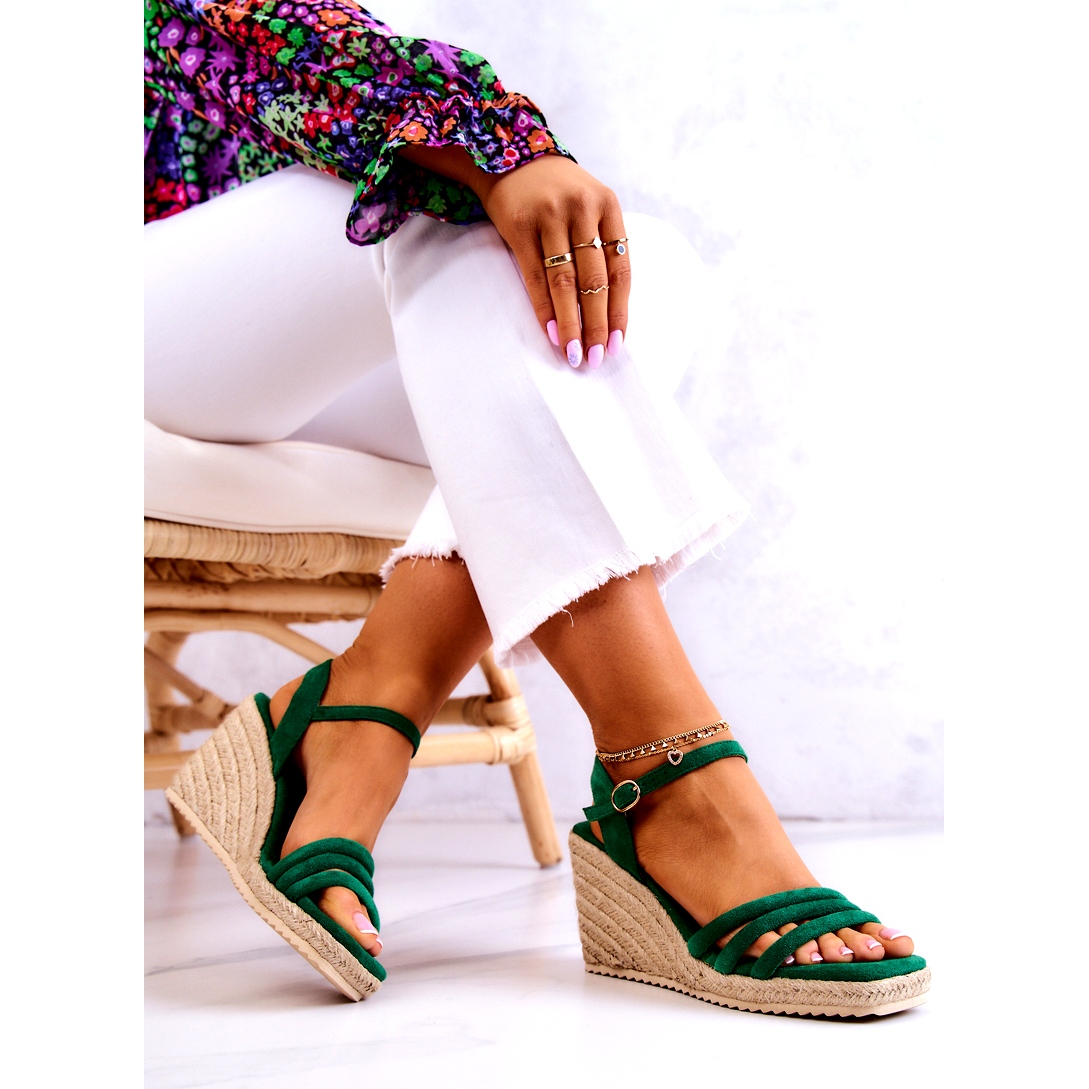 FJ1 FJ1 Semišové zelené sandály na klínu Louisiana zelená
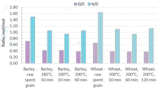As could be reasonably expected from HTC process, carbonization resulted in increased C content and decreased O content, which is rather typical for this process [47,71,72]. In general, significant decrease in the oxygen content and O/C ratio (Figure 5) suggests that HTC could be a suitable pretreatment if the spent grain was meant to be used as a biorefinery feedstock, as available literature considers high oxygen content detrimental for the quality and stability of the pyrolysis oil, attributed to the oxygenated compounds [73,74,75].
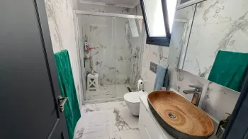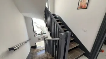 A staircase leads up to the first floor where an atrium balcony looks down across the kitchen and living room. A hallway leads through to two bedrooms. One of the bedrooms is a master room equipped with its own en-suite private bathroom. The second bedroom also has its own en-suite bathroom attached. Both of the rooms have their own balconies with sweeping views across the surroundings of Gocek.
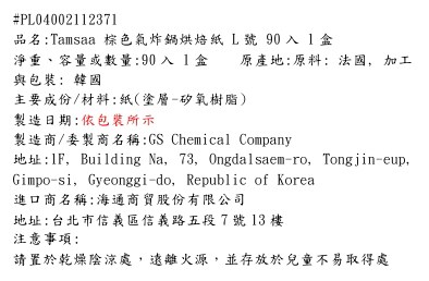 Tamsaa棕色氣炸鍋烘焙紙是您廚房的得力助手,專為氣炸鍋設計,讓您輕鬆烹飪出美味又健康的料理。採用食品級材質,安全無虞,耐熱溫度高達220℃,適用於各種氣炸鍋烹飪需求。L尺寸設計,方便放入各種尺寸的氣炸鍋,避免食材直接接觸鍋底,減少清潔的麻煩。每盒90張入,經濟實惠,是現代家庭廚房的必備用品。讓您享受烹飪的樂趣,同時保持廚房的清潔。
--------------------------------------------------
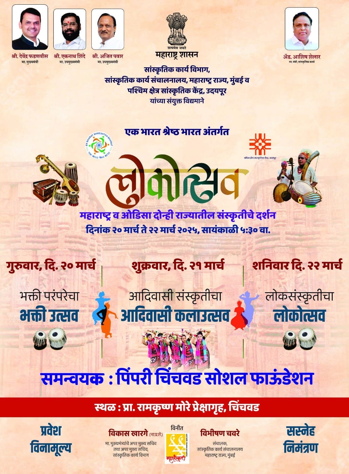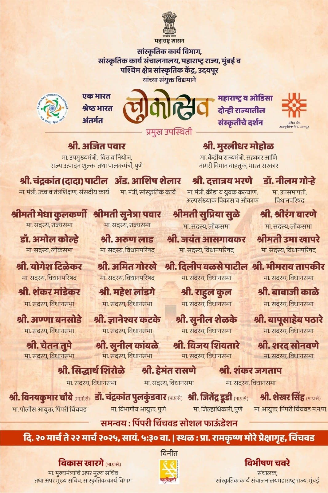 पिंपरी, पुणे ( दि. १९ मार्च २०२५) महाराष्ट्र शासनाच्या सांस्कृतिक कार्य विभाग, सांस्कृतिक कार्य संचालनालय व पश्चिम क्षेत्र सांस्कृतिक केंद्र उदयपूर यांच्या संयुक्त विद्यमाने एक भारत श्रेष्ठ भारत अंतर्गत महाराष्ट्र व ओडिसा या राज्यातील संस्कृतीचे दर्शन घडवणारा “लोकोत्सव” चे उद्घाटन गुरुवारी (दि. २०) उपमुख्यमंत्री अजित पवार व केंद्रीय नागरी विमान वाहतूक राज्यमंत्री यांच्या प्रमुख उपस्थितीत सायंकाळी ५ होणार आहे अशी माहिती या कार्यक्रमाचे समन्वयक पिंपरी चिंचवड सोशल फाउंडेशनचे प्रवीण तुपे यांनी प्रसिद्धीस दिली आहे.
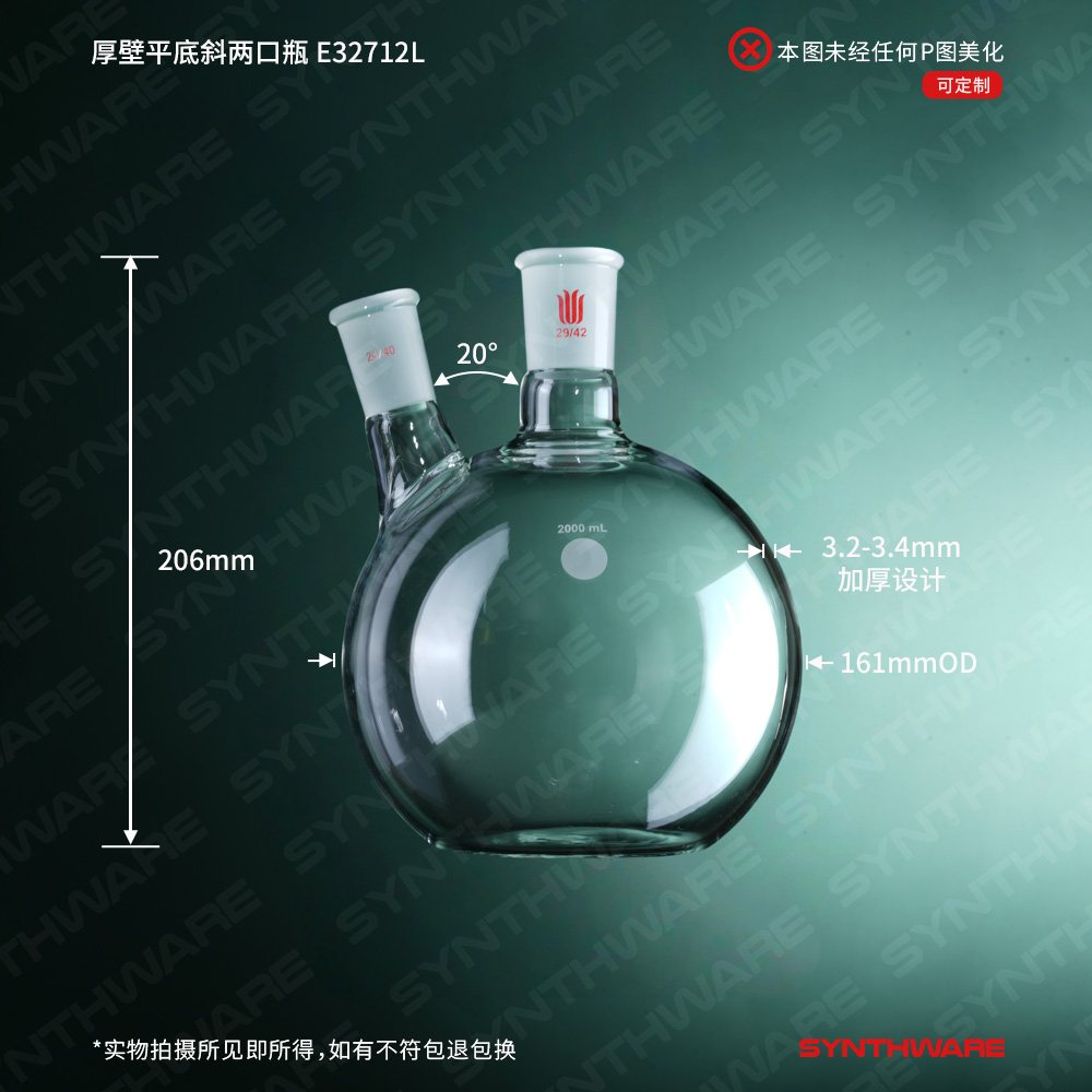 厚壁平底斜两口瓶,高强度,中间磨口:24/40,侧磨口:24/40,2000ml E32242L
--------------------------------------------------
Exercise objective ▸ For this exercise, return exactly the lines above from the line with "FJ1 FJ1 Semišové" through the line with "Tamsaa棕色氣炸鍋烘焙紙", both included. Do not copy the pictures.

Completed exercise ▸
 FJ1 FJ1 Semišové zelené sandály na klínu Louisiana zelená
As could be reasonably expected from HTC process, carbonization resulted in increased C content and decreased O content, which is rather typical for this process [47,71,72]. In general, significant decrease in the oxygen content and O/C ratio (Figure 5) suggests that HTC could be a suitable pretreatment if the spent grain was meant to be used as a biorefinery feedstock, as available literature considers high oxygen content detrimental for the quality and stability of the pyrolysis oil, attributed to the oxygenated compounds [73,74,75].
 A staircase leads up to the first floor where an atrium balcony looks down across the kitchen and living room. A hallway leads through to two bedrooms. One of the bedrooms is a master room equipped with its own en-suite private bathroom. The second bedroom also has its own en-suite bathroom attached. Both of the rooms have their own balconies with sweeping views across the surroundings of Gocek.
 Tamsaa棕色氣炸鍋烘焙紙是您廚房的得力助手,專為氣炸鍋設計,讓您輕鬆烹飪出美味又健康的料理。採用食品級材質,安全無虞,耐熱溫度高達220℃,適用於各種氣炸鍋烹飪需求。L尺寸設計,方便放入各種尺寸的氣炸鍋,避免食材直接接觸鍋底,減少清潔的麻煩。每盒90張入,經濟實惠,是現代家庭廚房的必備用品。讓您享受烹飪的樂趣,同時保持廚房的清潔。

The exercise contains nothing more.